Exercise directions: Once you find the line with "The network structure" in the entries below, print it and each line after it up to and including the line with "Rich with ambiguity, the", exactly, without pictures.

The records:
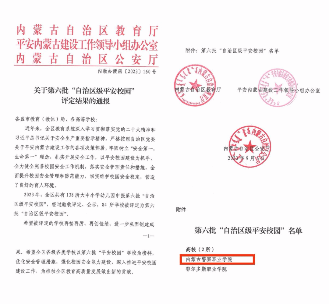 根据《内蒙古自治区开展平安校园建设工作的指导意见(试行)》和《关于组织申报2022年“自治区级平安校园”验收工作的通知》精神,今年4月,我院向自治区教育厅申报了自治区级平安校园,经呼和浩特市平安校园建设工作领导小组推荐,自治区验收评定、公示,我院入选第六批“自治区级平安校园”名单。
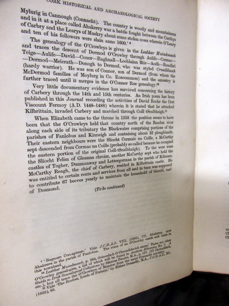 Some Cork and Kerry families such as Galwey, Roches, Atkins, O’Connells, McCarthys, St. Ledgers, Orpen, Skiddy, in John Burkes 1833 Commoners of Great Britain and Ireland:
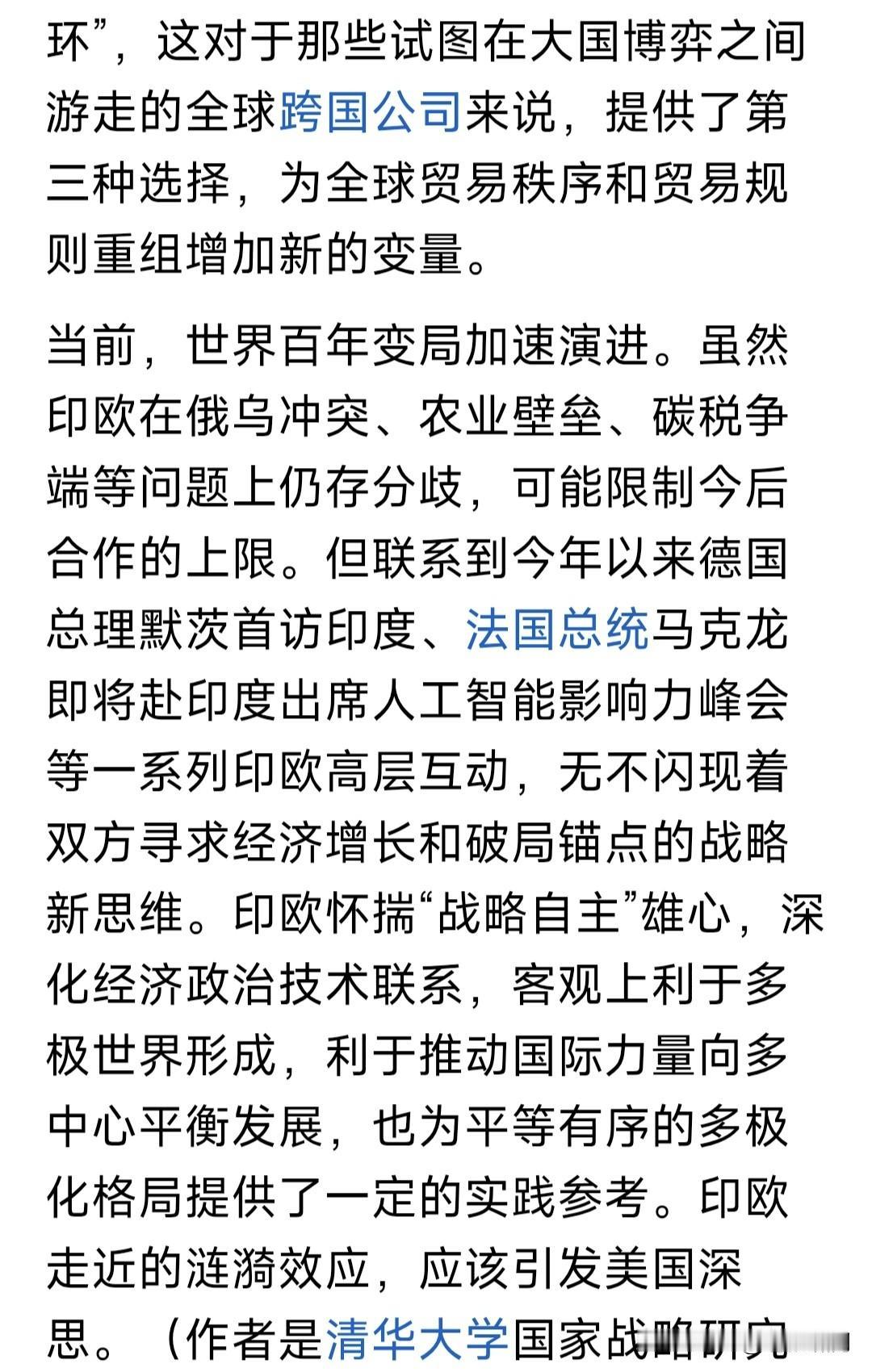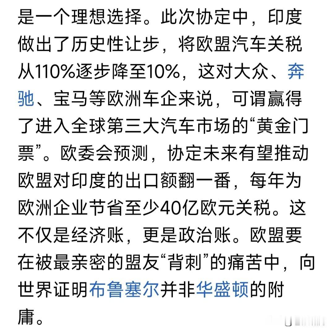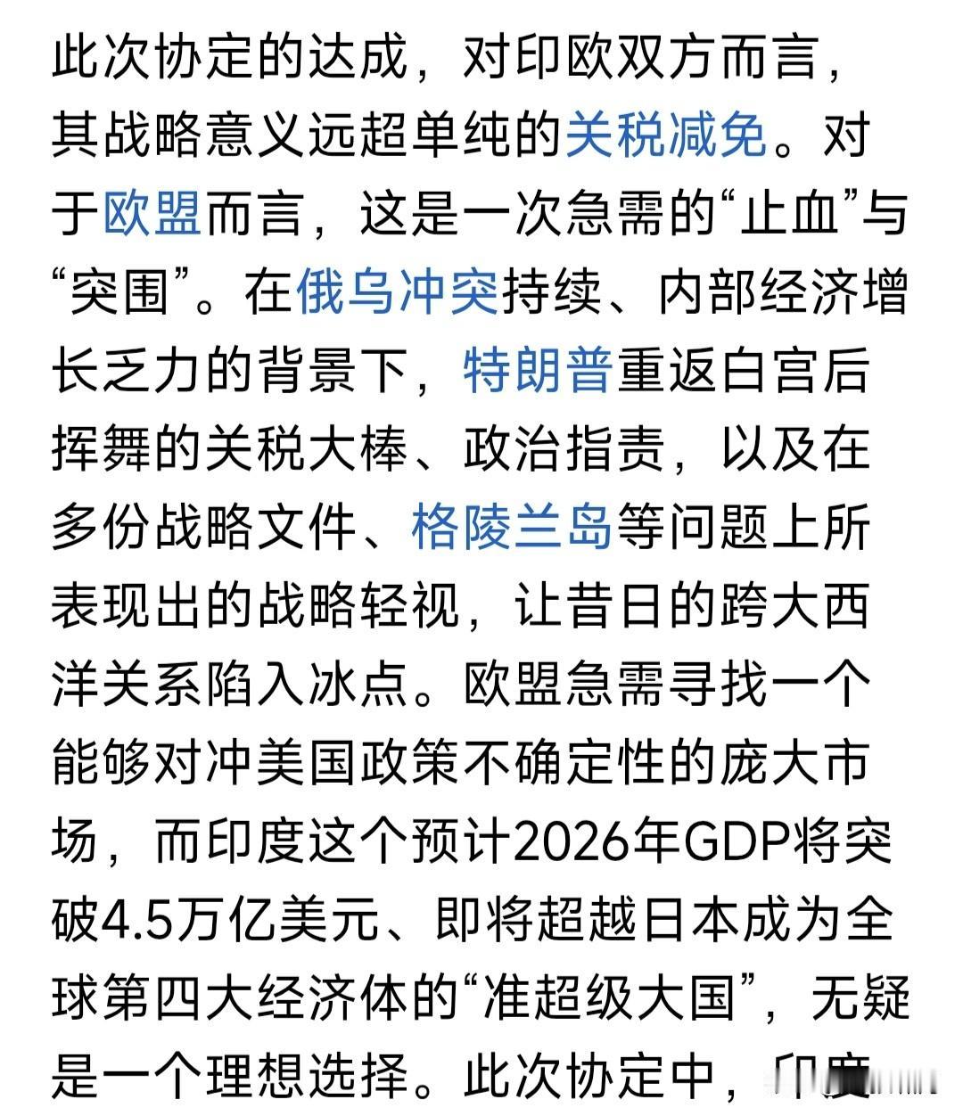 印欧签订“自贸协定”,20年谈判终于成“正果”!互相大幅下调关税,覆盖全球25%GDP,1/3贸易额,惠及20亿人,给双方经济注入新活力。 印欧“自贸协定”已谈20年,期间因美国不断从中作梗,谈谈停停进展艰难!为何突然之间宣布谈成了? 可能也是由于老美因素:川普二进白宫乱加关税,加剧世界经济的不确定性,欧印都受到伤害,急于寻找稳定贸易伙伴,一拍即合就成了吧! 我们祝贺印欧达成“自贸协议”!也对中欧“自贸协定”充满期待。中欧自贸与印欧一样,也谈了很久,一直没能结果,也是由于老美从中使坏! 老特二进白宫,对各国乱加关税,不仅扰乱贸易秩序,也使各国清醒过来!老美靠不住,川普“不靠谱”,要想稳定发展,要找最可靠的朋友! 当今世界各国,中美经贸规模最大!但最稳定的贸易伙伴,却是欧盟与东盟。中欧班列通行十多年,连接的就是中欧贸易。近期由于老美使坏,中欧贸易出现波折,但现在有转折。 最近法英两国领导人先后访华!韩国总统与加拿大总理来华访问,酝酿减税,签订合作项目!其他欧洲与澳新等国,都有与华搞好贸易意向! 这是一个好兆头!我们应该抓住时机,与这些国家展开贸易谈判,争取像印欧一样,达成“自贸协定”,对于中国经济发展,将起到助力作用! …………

--

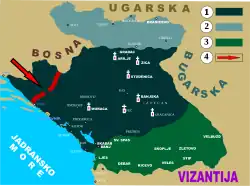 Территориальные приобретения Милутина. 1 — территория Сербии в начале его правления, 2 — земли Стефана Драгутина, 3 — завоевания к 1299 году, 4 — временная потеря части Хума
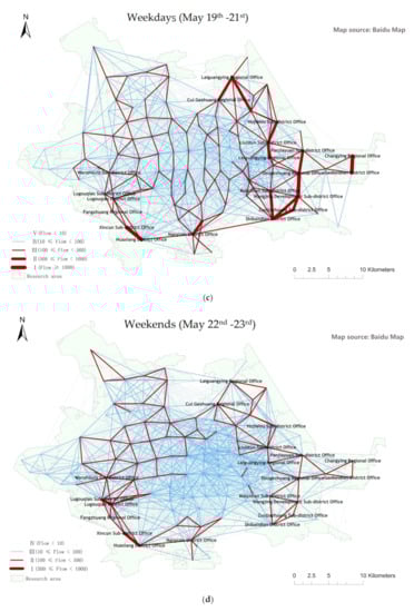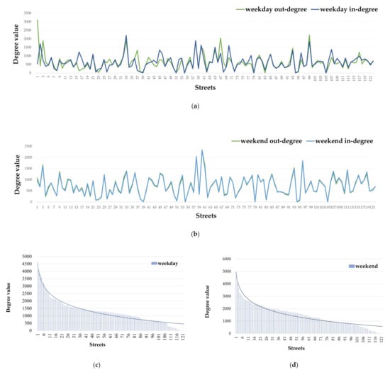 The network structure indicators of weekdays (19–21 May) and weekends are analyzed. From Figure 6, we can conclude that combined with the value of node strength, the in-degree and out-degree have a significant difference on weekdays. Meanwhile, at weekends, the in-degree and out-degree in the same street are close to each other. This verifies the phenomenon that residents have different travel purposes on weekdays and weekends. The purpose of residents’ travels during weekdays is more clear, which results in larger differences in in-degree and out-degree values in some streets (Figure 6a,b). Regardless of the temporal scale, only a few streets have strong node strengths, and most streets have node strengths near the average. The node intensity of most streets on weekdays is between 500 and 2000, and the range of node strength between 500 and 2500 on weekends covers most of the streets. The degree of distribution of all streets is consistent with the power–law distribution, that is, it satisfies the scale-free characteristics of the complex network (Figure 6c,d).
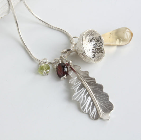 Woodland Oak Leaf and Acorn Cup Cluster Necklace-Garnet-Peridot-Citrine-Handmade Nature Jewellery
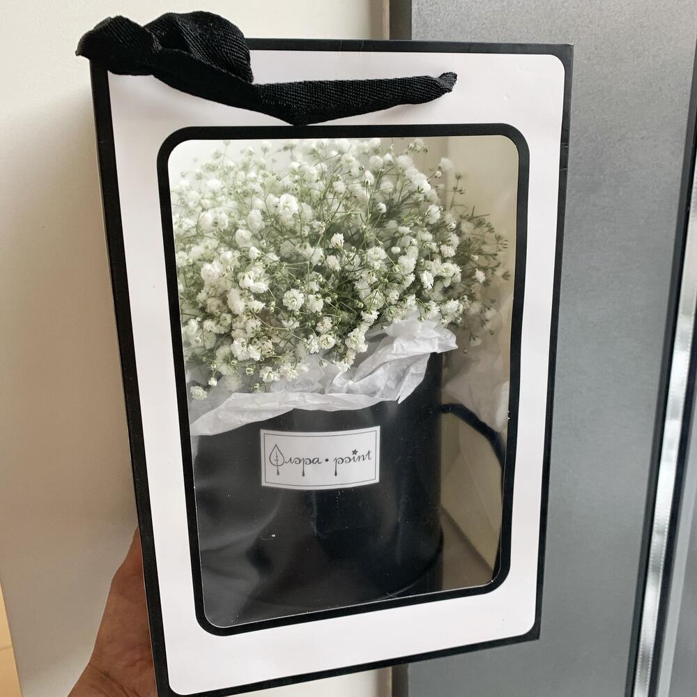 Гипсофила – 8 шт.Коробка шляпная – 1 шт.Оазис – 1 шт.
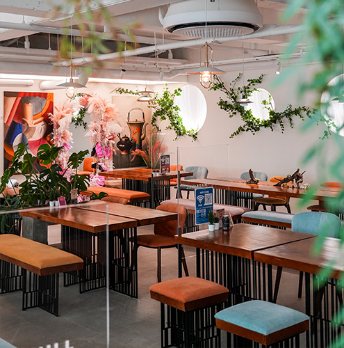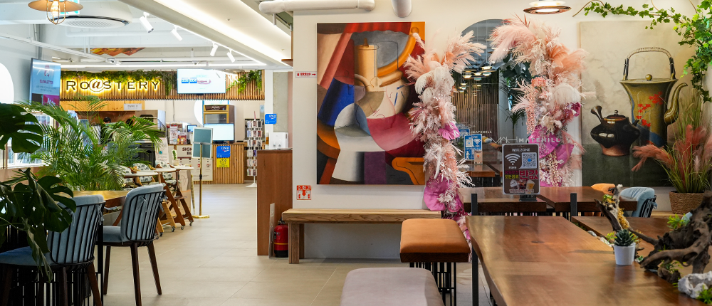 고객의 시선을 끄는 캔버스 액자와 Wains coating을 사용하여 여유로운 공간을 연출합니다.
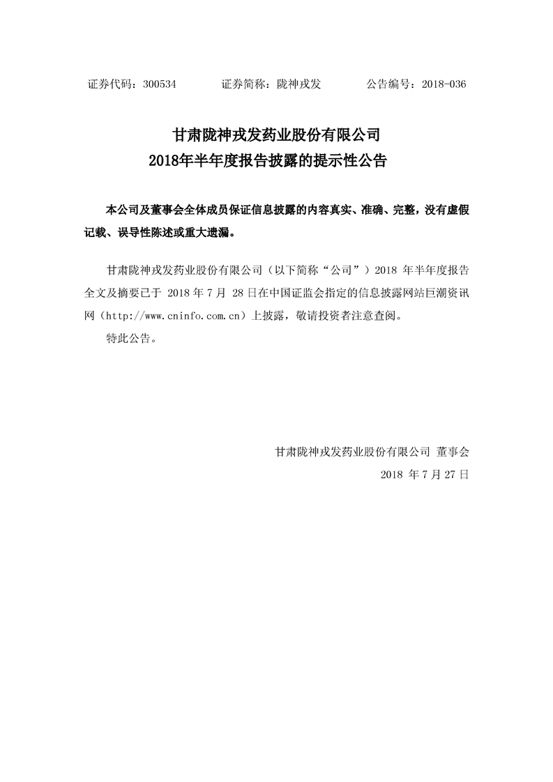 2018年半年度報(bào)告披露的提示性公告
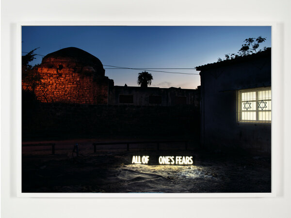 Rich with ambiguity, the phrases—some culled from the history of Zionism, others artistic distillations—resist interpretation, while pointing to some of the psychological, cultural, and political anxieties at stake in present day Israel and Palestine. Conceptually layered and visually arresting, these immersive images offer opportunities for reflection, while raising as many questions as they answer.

Result for this exercise:
 The network structure indicators of weekdays (19–21 May) and weekends are analyzed. From Figure 6, we can conclude that combined with the value of node strength, the in-degree and out-degree have a significant difference on weekdays. Meanwhile, at weekends, the in-degree and out-degree in the same street are close to each other. This verifies the phenomenon that residents have different travel purposes on weekdays and weekends. The purpose of residents’ travels during weekdays is more clear, which results in larger differences in in-degree and out-degree values in some streets (Figure 6a,b). Regardless of the temporal scale, only a few streets have strong node strengths, and most streets have node strengths near the average. The node intensity of most streets on weekdays is between 500 and 2000, and the range of node strength between 500 and 2500 on weekends covers most of the streets. The degree of distribution of all streets is consistent with the power–law distribution, that is, it satisfies the scale-free characteristics of the complex network (Figure 6c,d).
 Woodland Oak Leaf and Acorn Cup Cluster Necklace-Garnet-Peridot-Citrine-Handmade Nature Jewellery
 Гипсофила – 8 шт.Коробка шляпная – 1 шт.Оазис – 1 шт.
 고객의 시선을 끄는 캔버스 액자와 Wains coating을 사용하여 여유로운 공간을 연출합니다.
 2018年半年度報(bào)告披露的提示性公告
 Rich with ambiguity, the phrases—some culled from the history of Zionism, others artistic distillations—resist interpretation, while pointing to some of the psychological, cultural, and political anxieties at stake in present day Israel and Palestine. Conceptually layered and visually arresting, these immersive images offer opportunities for reflection, while raising as many questions as they answer.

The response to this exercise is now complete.